Abstract

Micromechanical parameters are essential in understanding the behavior of materials with a heterogeneous structure, which helps to predict complex physical processes such as delamination, cracks, and plasticity. However, identifying these parameters is challenging due to micro-macro length scale differences, required high resolution, and ambiguity in boundary conditions, among others. The Integrated Digital Image Correlation (IDIC) method, a state-of-the-art full-field deterministic approach to parameter identification, is widely used but suffers from high sensitivity to boundary data errors and is limited to identification of parameters within well-posed problems.
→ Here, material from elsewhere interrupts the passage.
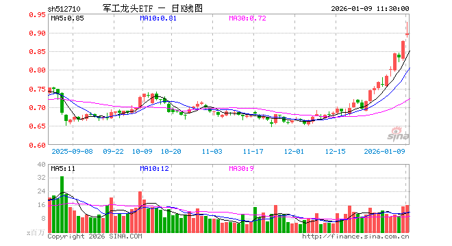 军工龙头ETF(512710)业绩比较基准为中证军工龙头指数收益率,管理人为富国基金管理有限公司,基金经理为牛志冬、王乐乐,成立(2019-07-23)以来回报为74.71%,近一个月回报为28.44%。

This article employs Bayesian approach to estimate micromechanical shear and bulk moduli of fiber-reinforced composite samples under plane strain assumption, and to improve handling of boundary noise. The main purpose of this article is to quantify the effect of uncertainty in the boundary conditions in the stochastic setting. To this end, the Metropolis–Hastings Algorithm (MHA) is employed to estimate probability distributions of bulk and shear moduli and boundary condition parameters using IDIC, considering a fiber-reinforced composite sample under plane strain assumption. The performance and robustness of the MHA are compared to two versions of deterministic IDIC method, under artificially introduced random and systematic errors in kinematic boundary conditions. Although MHA is shown to be computationally more expensive and in certain cases less accurate than the recently introduced Boundary-Enriched IDIC, it offers significant advantages, in particular being able to optimize a large number of parameters while obtaining statistical characterization as well as insights into individual parameter relationships. The paper furthermore highlights the benefits of the non-normalized approach to parameter identification with MHA (leading, within deterministic IDIC, to an ill-posed formulation), which significantly improves the robustness in handling the boundary noise.